Como esperado, a presença nas Ilhas Canárias foi difícil para a Hyundai, uma vez que o asfalto escorregadio é considerado a maior fraqueza do i20 N. Depois da Toyota ter celebrado uma vitória quádrupla no ano passado, a equipa repetiu o feito no fim de semana passado e venceu todas as 17 etapas especiais.

Adrien Fourmaux foi novamente o melhor piloto da Hyundai em quinto lugar, mas ficou a mais de três minutos do vencedor Sebastien Ogier. Embora a Hyundai tenha introduzido actualizações na frente do carro este ano, a diferença aumentou em comparação com o ano passado. Neuville, em particular, está a debater-se com o equilíbrio do carro.

Quando lhe perguntaram se sabia a razão da sua infelicidade, Neuville respondeu: “Ninguém sabe. Eu não sei como melhorar o carro, os engenheiros não sabem, os meus companheiros de equipa não sabem.”

Problema complexo de configuração com o i20 N

O Diretor Desportivo da Hyundai, Andrew Wheatley, admitiu que o desempenho estava em linha com as expectativas, tendo em conta o atual enigma em torno do ritmo consistente do i20 N. “Foi como esperado, mas um dos aspectos positivos é que viemos aqui com o objetivo claro de minimizar os erros.

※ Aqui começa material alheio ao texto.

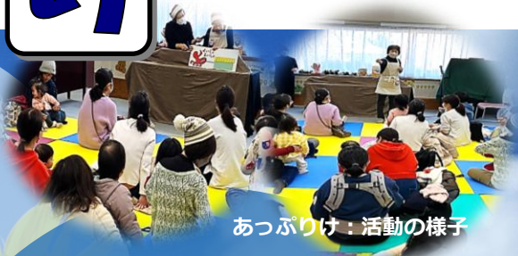
あっぷりけ：活動の様子
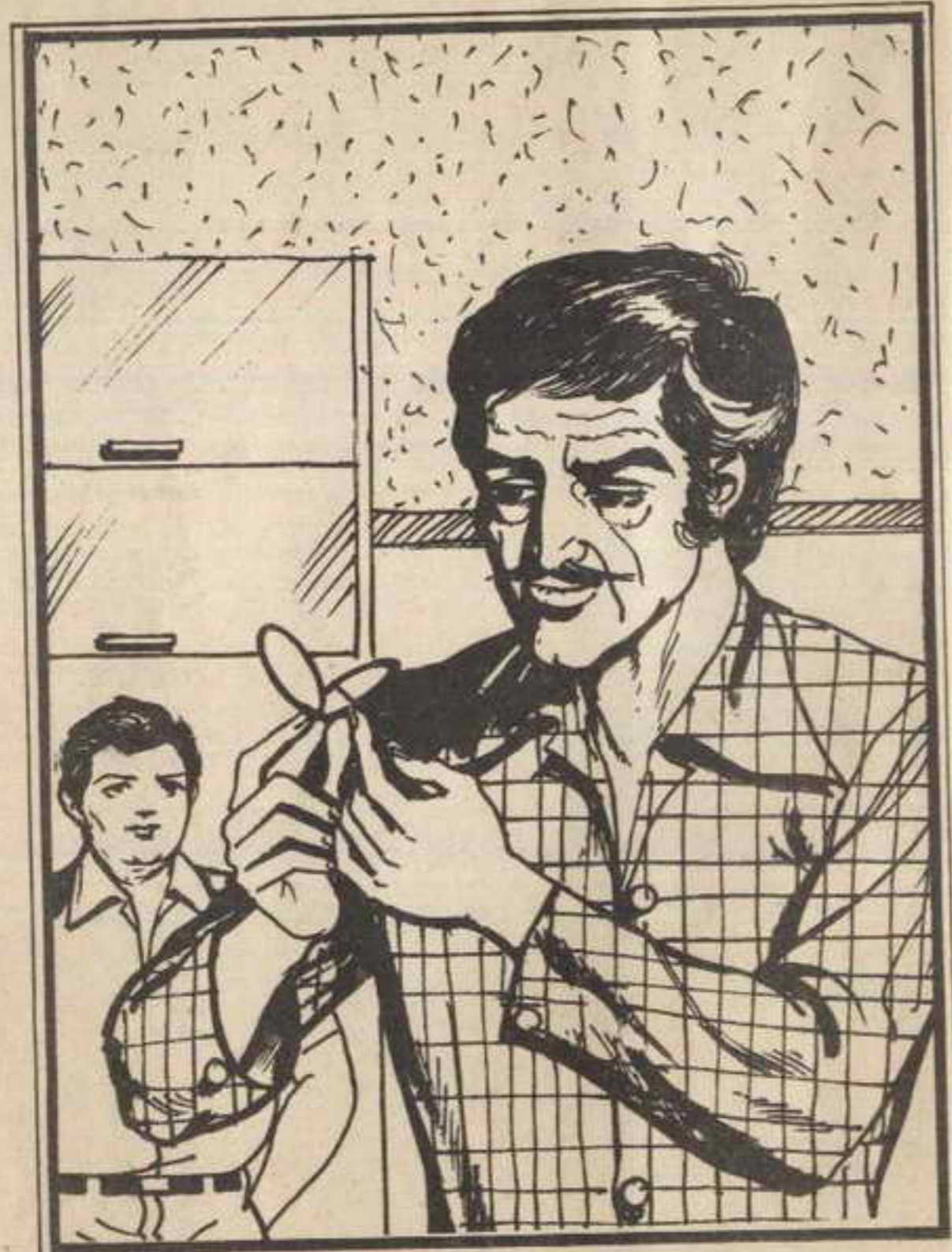
أمسك المهندس «على» بالقطعة وتأملها وأخرج أداة رفيعة دسها تحت الغطاء..

Conseguimos fazê-lo e isso deve-se ao trabalho árduo da equipa”, disse Wheatley.

Ele sublinhou a dificuldade da situação: “É coletivamente frustrante para a equipa e não se deve a uma falta de vontade. É claramente uma questão complexa. Estamos a trabalhar nele há um ano e, se fosse simples, já o teríamos resolvido há onze meses. Não é um problema fácil de resolver.”

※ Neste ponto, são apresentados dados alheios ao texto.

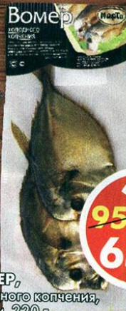
ВОМЕР, холодного копчения, Марти, 220 г
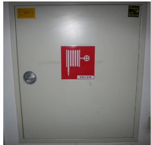
Abbildung 4: Wandhydrantenkasten

Wandhydranten sind im Gebäude installierte Wasserentnahmestellen, die zur Brandbekämpfung vorgesehen sind. Diese sind in Wandhydrantenkästen untergebracht. (siehe Abb. 4) Machen Sie sich mit deren richtigen Handhabung und Aufstellungsort vertraut. Diese sind nicht nur für die Feuerwehr vorbereitet, sondern ähnlich einem Feuerlöscher für jedermann zugänglich, um einen Brand in der Entstehungsphase bekämpfen zu können.
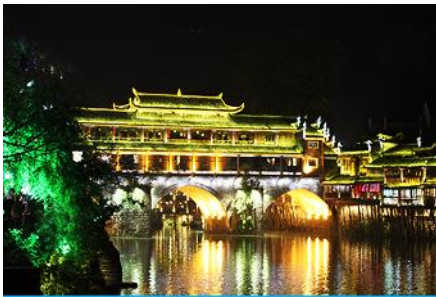
เมืองโบราณฟ่งหวง

พักที่ TONGREN WANSHANHONG HOTEL ระดับ 5 ดาวท้องถิ่นหรือเทียบเท่าใน เมืองลงเหริน
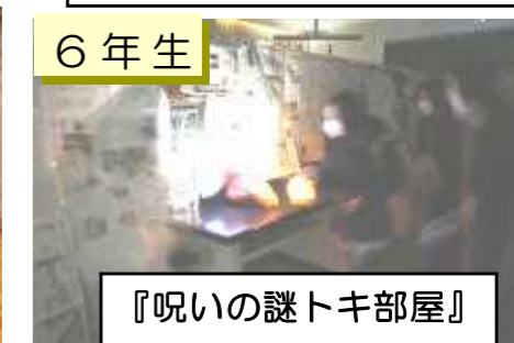
『呪いの謎トキ部屋』
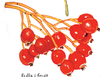
Fulla i fruit de server
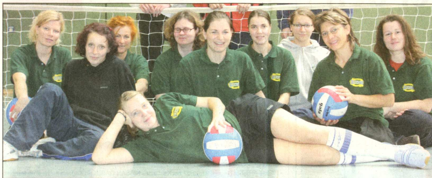
Die Frauen-Nationalmannschaft im Sitzvolleyball ist zur EM nominiert. Woher die Fahrtkosten nach Ungarn kommen sollen, ist allerdings noch ungewiss.

"Ich fiel in ein ziemliches Loch", erinnert sich die sympathische Sportlerin. Nach einigen Jahren ohne sportliche Aktivitäten wurde sie von einer Freundin zum Training im Sitzvolleyball mitgenommen. Als Handballerin hatte sie besten Voraussetzungen und spielte sich schnell wieder in die Stammmannschaft. Heute ist die Aschersleberin ein wichtiger Teil im Projekt "Paralympics 2008".
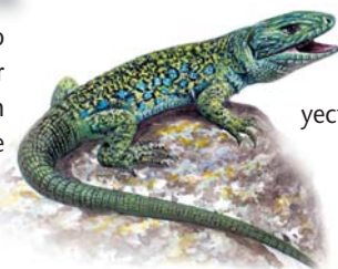
Lagarto ocelado Timon lepidus

“Vários pilotos tentaram e vários engenheiros tentaram. O carro é realmente rápido na sua janela de trabalho, mas a dificuldade é que as etapas especiais não se realizam em janelas estreitas. É preciso muita adaptabilidade no carro”, disse Wheatley.

Esperança para a temporada de cascalho

A Hyundai está, no entanto, otimista quanto à possibilidade de dar a volta à época, quando o campeonato arrancar em Portugal, na próxima semana, no primeiro rali do ano só de gravilha. No ano passado, o i20 N lutou pela vitória neste rali e os testes recentes deram novo ânimo à equipa.

“Temos de ser realistas. Ganhar a cinco Toyotas em qualquer tipo de piso não é fácil. Sabemos que temos potencial e que melhorámos a fiabilidade. Temos três pilotos que estão super motivados e prontos”, acrescentou Wheatley.

Depois de um teste de gravilha positivo antes do fim de semana nas Ilhas Canárias, Neuville também está cautelosamente otimista: “É bom ser otimista, porque isso ajuda-nos a fazer progressos. Mas também não devemos ser demasiado optimistas. Temos de manter os dois pés no chão e estamos a enfrentar um concorrente muito forte que está a fazer tudo bem. Eles têm cinco carros, nós temos três. Podemos ter mais velocidade, mas o rali é longo. A sensação no teste foi boa e se conseguirmos confirmar isso, será positivo.”